Defaults Are Quickening in Muni Bonds in Warning Sign for High-Yield Investors
(Bloomberg) -- Defaults and impairments are coming at a faster clip in the $4 trillion municipal-bond market, a potential warning sign for investors in junk munis, the best-performing sector of state and local-government debt.
The trend comes against a backdrop in which riskier issuers have gained more market access and investors awash in cash have grown more comfortable with weaker protections as yields remain well below historical averages. For muni deals that do become impaired, the time between issuance and such an event has tumbled to 32 months on average, less than half the level seen in 2014, Municipal Market Analytics data show.
The phenomenon holds for both risky and safer sectors as asset managers across the spectrum face reinvestment pressure. But weaker issuers have the most at stake, as broadly accelerating impairments could erode the segment’s performance, crimping demand and making it harder for troubled borrowers to recover.

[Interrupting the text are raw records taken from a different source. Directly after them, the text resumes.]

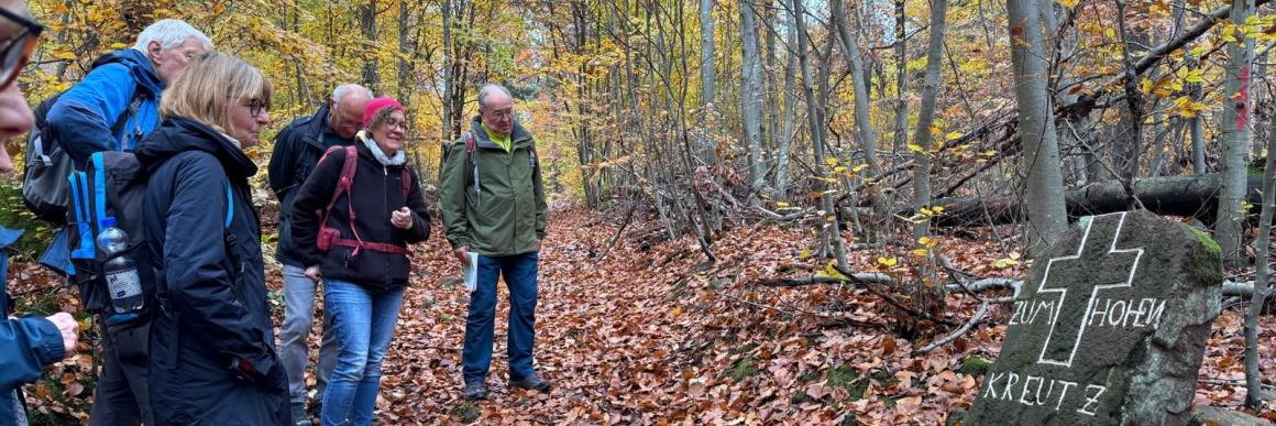 Über den Alten Kohlhof ging es zu den Steinen am (ehem.) Cedernwald und vorbei am Kleinen Rossbrunnen zum Krausstein. Letzterer zeichnet sich durch ein ganz spezielles Alleinstellungsmerkmal aus: er war der einzige der vielen Steine auf dieser Wanderung, zu dem Joachim Gerhard trotz intensiver Recherche keinen Hinweise auf Namensgeber oder Stifter gefunden hat. Ganz anders als beim Hettegerstein und beim Arnoldstein, die beide an das Schicksal verunglückter Waldarbeiter mahnen.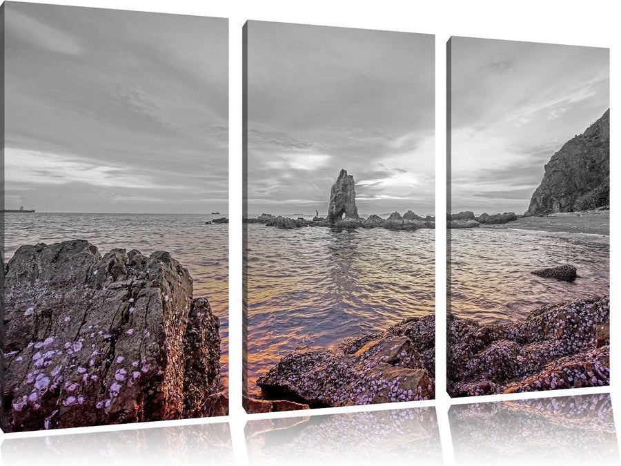 Pixxprint Küstenlinie mit schönen Sonnenuntergang B&W Detail 3-Teiler Leinwandbild 120x80 Bild auf L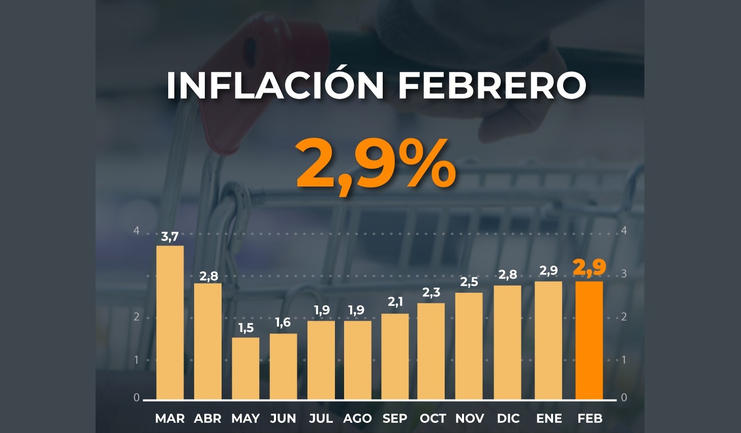 Данные февраля совпали с прогнозами частных консалтинговых компаний (2,8–3,0%): Analytica — 2,8%, Eco Go и C&T — 2,9%. В городе Буэнос-Айресе инфляция оказалась чуть ниже — 2,6%, с замедлением на 0,5 п.п. по сравнению с январем.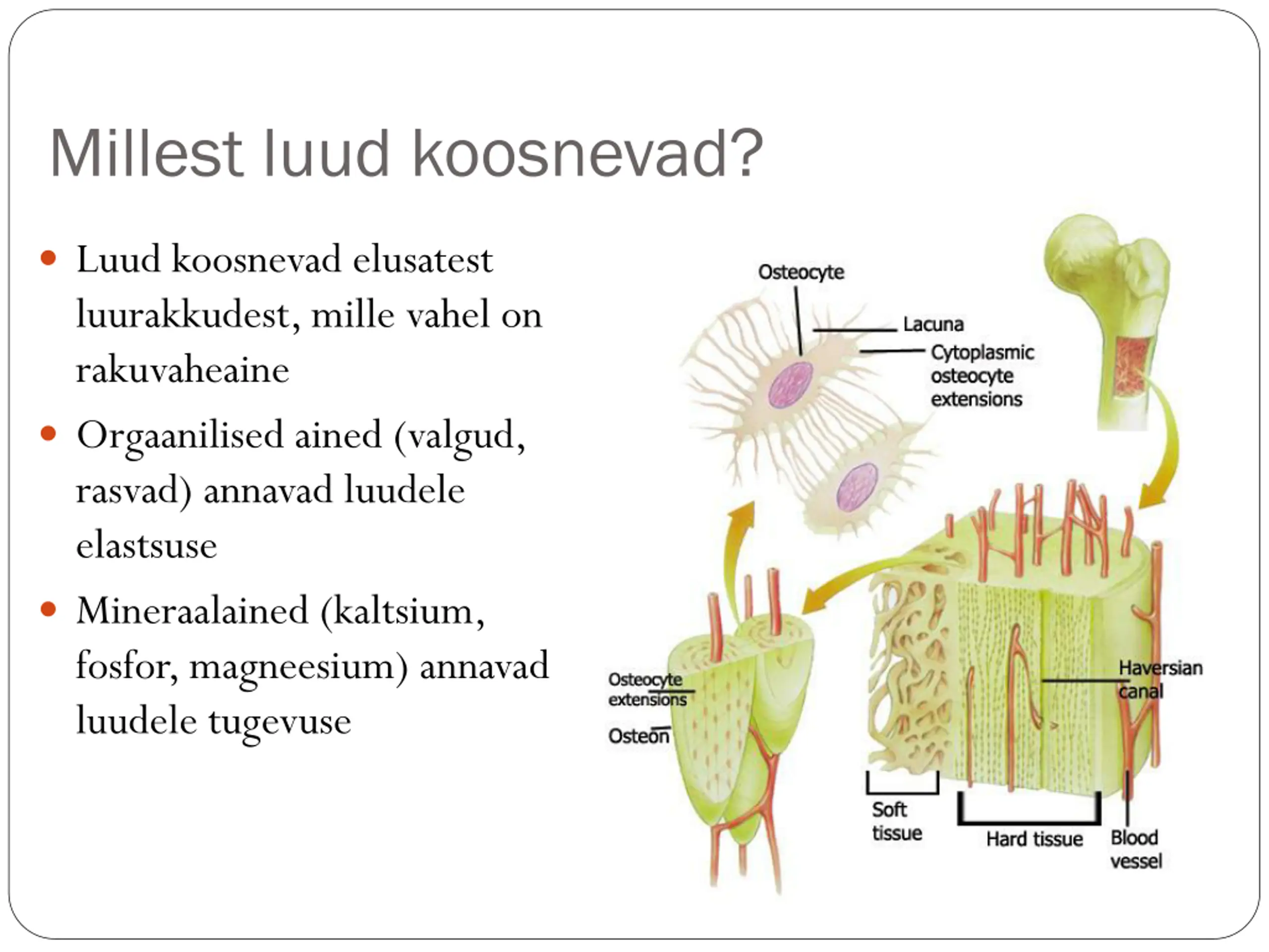 Millest luud koosnevad? Luud koosnevad elusatest luurakkudest, mille vahel on rakuvaheaine Orgaanilised ained (valgud, rasvad) annavad luudele elastsuse Mineraalained (kaltsium, fosfor, magneesium) annavad luudele tugevuse

“More defaults and impairments, happening faster after issuance, could blunt the tip of high-yield demand,” said Matt Fabian, a partner at MMA. “And if high-yield demand pulls back, it means less available rescue financing, so more defaults.”
In MMA’s definition, impairment refers to bonds in default or those that have tapped emergency means or violated a covenant.
Year to date, Bloomberg Intelligence data show that over $4.4 billion of securities have faced distress or default. In the week ended Thursday, seven deals totaling $102 million joined the ranks.
Munis’ exceedingly low level of defaults relative to corporate debt, along with the improving U.S. economy, a wave of federal aid and talk of higher income taxes, have helped drive investor interest in junk offerings.
In a year when munis overall have offered a haven in fixed income, earning about 1.5%, high-yield has been a standout, earning 7.7% in 2021, Bloomberg index data show.
The cash flowing in “doesn’t just intensify demand, it also forces buyers to capitulate on credit conditions that they would normally require,” Fabian said.
Those weaker underwriting conditions, such as sufficient reserves, contribute to the shrinking default window, he said. It’s also easier for riskier projects to access capital through entities like conduits, and low yields have driven investors into more and more speculative deals.
The rise of passive investing and increased diversification has helped larger funds insulate themselves against defaults and distress. But for smaller asset managers with less liquidity and diversification, struggling deals can carry more weight.
“If you’re a small, relatively concentrated asset manager, you have to be more careful than you used to be,” Fabian said.